The debate about the criminal justice system increasingly is driven by empirical studies. Phil Dixon wrote thoughtfully last week about a new analysis of 700,000 drug arrests conducted by UNC faculty members outside the School of Government. This article by a Georgia law professor is also attracting attention – it claims to be “the most substantial empirical analysis of misdemeanor case processing to date,” based on “multiple court-record datasets, covering several million cases across eight diverse jurisdictions.” Similarly, in the popular media, this Washington Post article analyzes a huge trove of data to determine the percentage of arrests in each county across the nation that are based on marijuana possession.
I could list many more examples, but the general point is one with which I suspect most readers will agree: that big data is revolutionizing the discussion of criminal justice. This transformation has been unfolding for decades. Drivers include the growth of law and economics and other law and social science approaches, which has fertilized the legal field with social science techniques, and the increasing availability of large datasets, which has made statistical analysis easier. This post offers a few thoughts about the costs and benefits of this new data-focused world.
North Carolina may be headed further down the road of big data. Several Republican legislators, including those with ties to law enforcement and the courts, recently filed H 885. The bill would require several departments of state government to “conduct a statewide study to identify the criminal justice data elements currently collected and maintained by jails, courts, and prisons” in order to “identify gaps in data” and find “solutions for improving availability and accessibility of data to inform public policy.” If it passes, more empirical analyses will surely result.
That’s a good thing. Data analysis can help us break free of our biases, questionable intuitions, and preconceptions. For example, because women experience a variety of disadvantages in the workplace and in society at large, some might expect that women would also be disadvantaged in the criminal justice system. However, the statistical evidence reveals that women are treated more favorably than men at sentencing and otherwise, as noted here and here.

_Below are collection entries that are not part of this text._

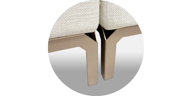 ? 優(yōu)質(zhì)扁鋼腳架特殊防銹處理,經(jīng)1層意大利PU玫瑰金和透明面漆/1層PU深灰面漆噴涂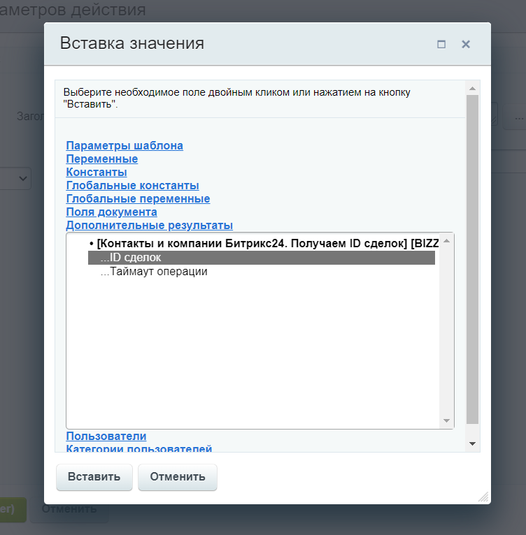 Активити бизнес-процесса. Позволяет получить множественное значение ID сделок контакта или компании и возвращает их в дополнительные результаты.
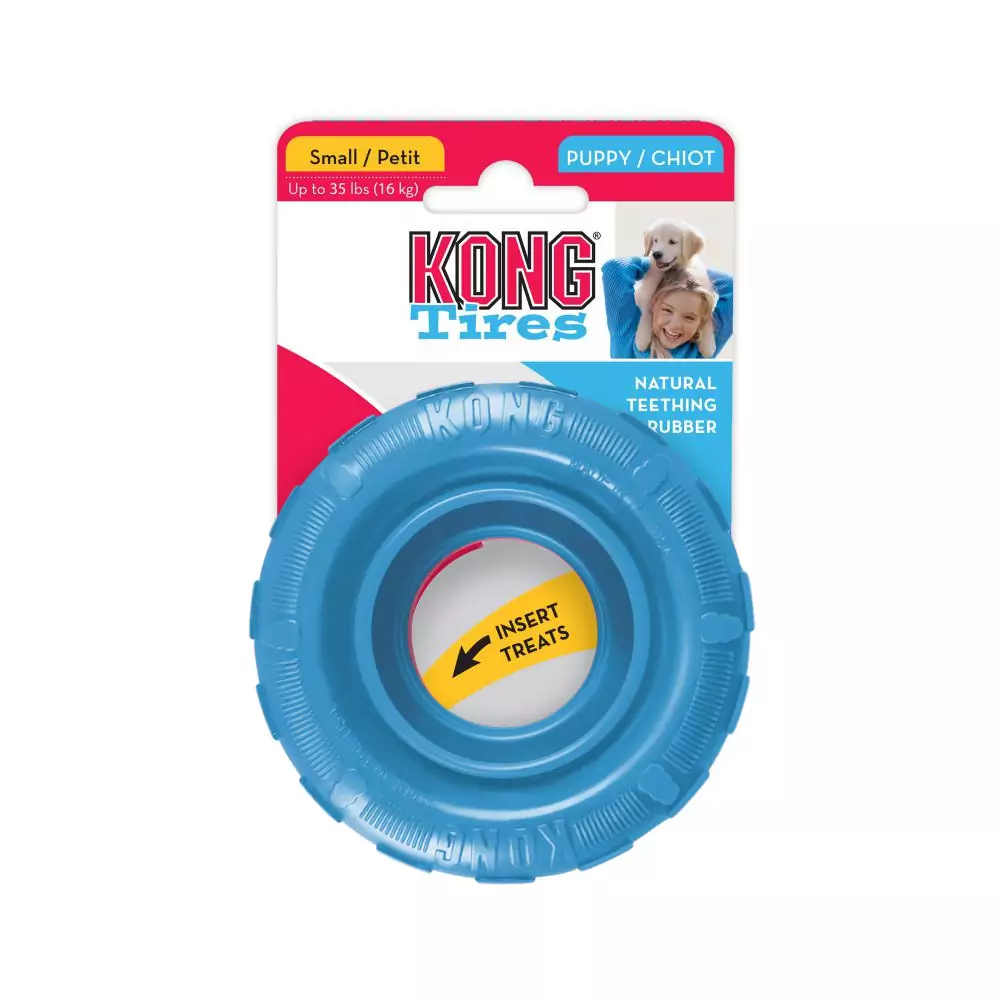 - O Kong Tires Puppy é um brinquedo de morder, desenvolvido para filhotes em fase de crescimento de até 8 meses.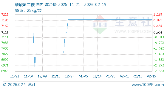 2月19日,生意社磷酸氢二铵基准价为7200.00元/吨,与本月初持平。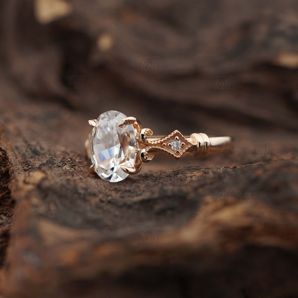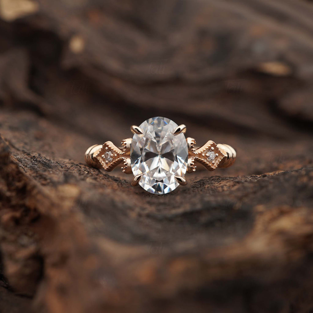 Vintage Green Moissanite Solitaire Weave Gold Ring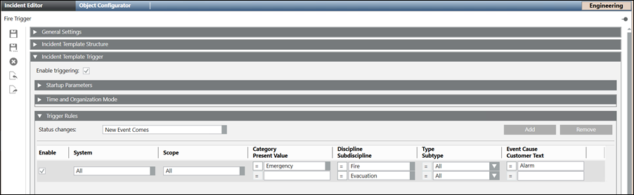 - Select the Enable check box and configure the parameters. For information, see Incident Template Trigger Expander.

Well-designed empirical research has illuminated or may illuminate other issues, like what has driven rising incarceration rates, why crime rates have declined, and whether prosecutors, police officers, judicial officials and other system actors exhibit implicit bias against various racial groups. This information should be welcome even when it is challenging or unflattering. Just as we expect our physicians to prescribe evidence-based treatment for our maladies, it is reasonable to diagnose and treat the criminal justice system based on the empirical facts.
But we should be skeptical consumers of data. Doing good empirical research is difficult, time-consuming, and sometimes expensive. So researchers may do smaller studies and hype the results. Does chocolate cure Alzheimer’s? Probably not, even though a small and preliminary study suggested possible benefits. Even the larger studies published typically published in leading medical journals often suffer from various flaws and limitations, according to Harvard and UCLA researchers. And many studies that researchers have repeated have yielded different results, leading to the so-called “replication crisis” in the social sciences.
It can be hard for those of us without extensive backgrounds in research design and statistics to sort the good studies from the bad. That’s especially important because the statistical arms race may lead advocates for various policy positions to throw together outcome-driven “studies” in order to tout the evidence-based nature of their preferred policies. So at a minimum, we should be cautious consumers of empirical analyses, asking questions like: Who conducted this study? How large is the sample? If it is a survey, could the wording of the questions have influenced the results? Have the results been replicated by other researchers?
Use in the system vs. use to study the system. This post is focused on the use of statistical and empirical evidence to study, analyze, and reform the criminal justice system. But it is worth noting that big data is also being used with increasing frequency within the criminal justice system. For example, police resources may be allocated based on algorithms regarding where crimes are likely to occur; judicial officials may consult risk assessment tools in setting conditions of pretrial release; and probation departments may use statistically-supported instruments to determine how to supervise offenders. All of these implementations are controversial, with critics generally arguing that using big data does not increase the accuracy of decision-making and may even reinforce existing biases.
Conclusion. Big data is here to stay, and using data skeptically and appropriately is something that all architects of, and participants in, the criminal justice system need to learn to do. As Mark Twain famously remarked, “facts are stubborn things, but statistics are pliable.”